Sacó la pizza, la cortó a trozos y los llevó a la sala de estar. Su madre estaba en el sofá y, aunque había dejado de llorar, tenía los ojos rojos. Kevin dejó la pizza sobre la mesa baja, se sentó a su lado y encendió la tele para, por lo menos, fingir que las cosas eran normales.
—Tú no deberías hacer esto —dijo su madre, y Kevin no supo si se refería a la pizza o a todo lo demás. Ahora mismo, esto no importaba.
Los nombres todavía colgaban en su cabeza: 23h 06m 29,283s, -05º 02’ 28,59.
CAPÍTULO DOS
Kevin no estaba seguro de haberse sentido jamás tan cansado como lo estaba cuando su madre y él entraron con el coche al aparcamiento. El plan era intentar continuar con normalidad, pero él sentía que podría quedarse dormido en cualquier momento. Eso distaba mucho de ser normal.

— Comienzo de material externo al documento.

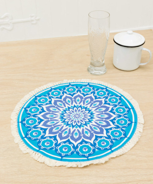 チャイハネ曼荼羅フリンジ付きラウンドプレイスマット ランチョンマット ブルー
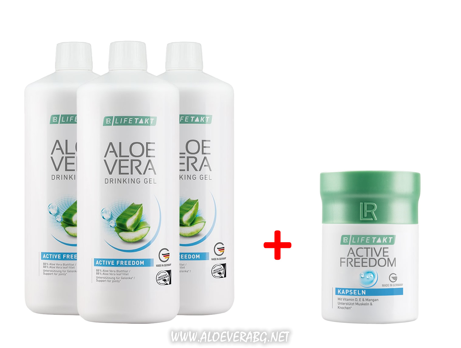 Гел за пиене Алое Вера с Колаген Против Артрит Active Freedom, Троен Комплект + Капсули Active Freedom (Код: 80883-4)
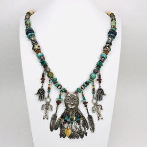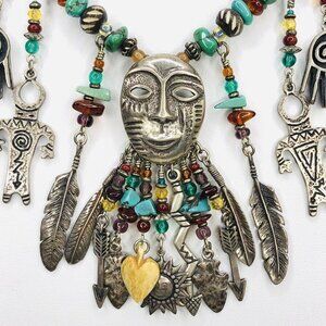 This is vintage Robert Shields SPIRIT fetish mask Necklace Earrings Sterling Silver Turquoise with Southwestern dangling charms and pendants.
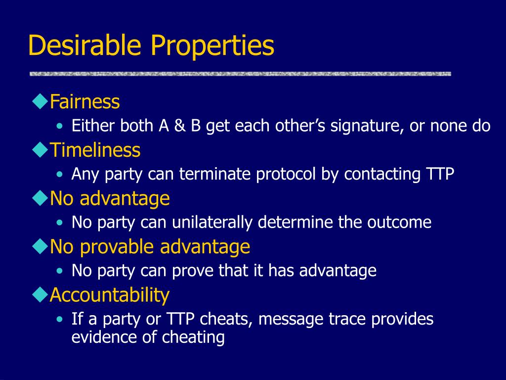 Desirable Properties • Fairness • Either both A & B get each other’s signature, or none do • Timeliness • Any party can terminate protocol by contacting TTP • No advantage • No party can unilaterally determine the outcome • No provable advantage • No party can prove that it has advantage • Accountability • If a party or TTP cheats, message trace provides evidence of cheating
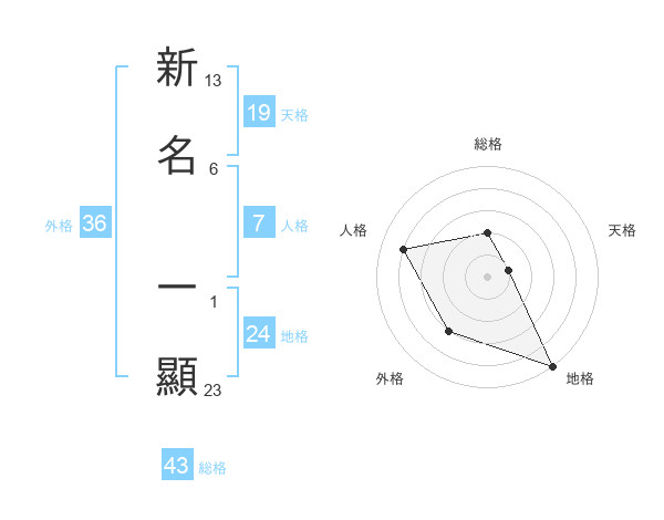 新名 一顯さんの外格は36画の3点!
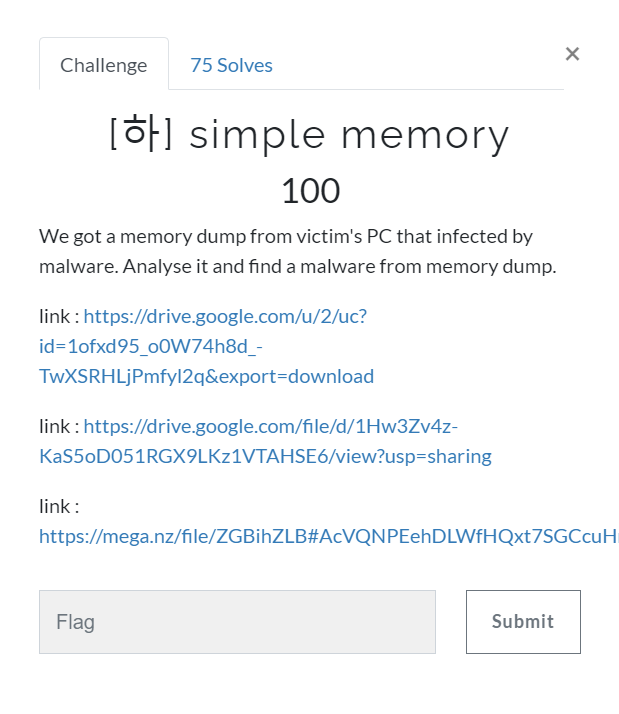 문제 첫 화면이고 메모리 덤프 파일에서 악성코드를 찾는 문제다.
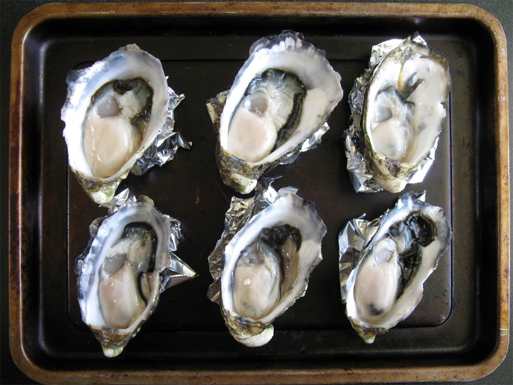 - Place Oysters on the half shell on a baking tray using foil to stabilise the shell.
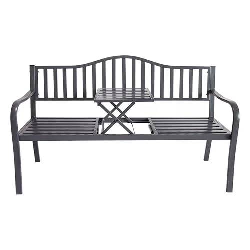 Bei 2-in-1-Gartenbänken aus Metall handelt es sich um Metall-Gartenbänke mit Tisch. In der Mitte der Sitzfläche ist ein Klapptisch integriert. Wird dieser benötigt, lässt er sich einfach ausklappen. Bei Nichtnutzung wird der Tisch wieder ein Teil der Sitzfläche. 2-in-1-Gartenbänke aus Metall lohnen sich für kleine Gärten, Balkone oder Terrassen. Sie sind platzsparend und praktisch.
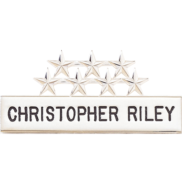 Exceptional quality name bar that is engraved and plated to order with seven 1/2" smooth applied stars (star style# A4887).
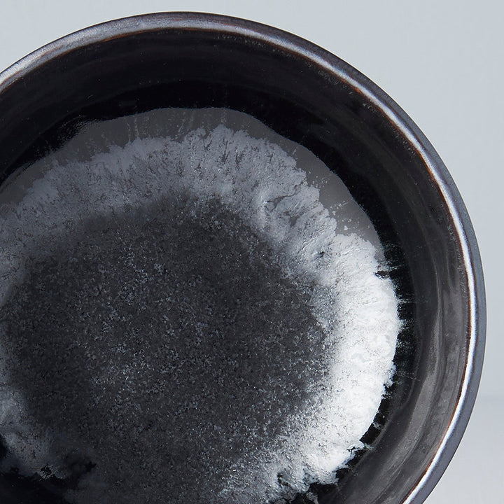The Matt and Shiny Glaze has subtle matt textures appearing across parts of the inner surface. The contrast between the glossy finish and the soft, matt areas creates a varied surface look, giving depth and character to the otherwise dark glaze.

Probablemente era a causa de los tratamientos. Los últimos días había habido un montón de tratamientos. Su madre había encontrado más doctores, y cada uno tenía un plan diferente para por lo menos intentar ralentizar las cosas. Eso era lo que decían, cada vez, aunque las palabras dejaban claro que sería algo especial y que detener las cosas no era algo que ellos pudiesen esperar.
—Que tengas un buen día en la escuela, cariño —dijo su madre. Había algo falso en aquella alegría, un filo frágil que daba a entender lo mucho que tenía que esforzarse por sacar una sonrisa. Kevin sabía que ella estaba haciendo un esfuerzo por él y él también hacía lo que podía.
—Lo intentaré, mamá —le aseguró y oyó que su propia voz tampoco sonaba natural. Parecía que los dos estaban interpretando papeles porque tenían miedo de la verdad que yacía bajo ellos. Kevin interpretaba el suyo porque no quería que su madre llorara otra vez.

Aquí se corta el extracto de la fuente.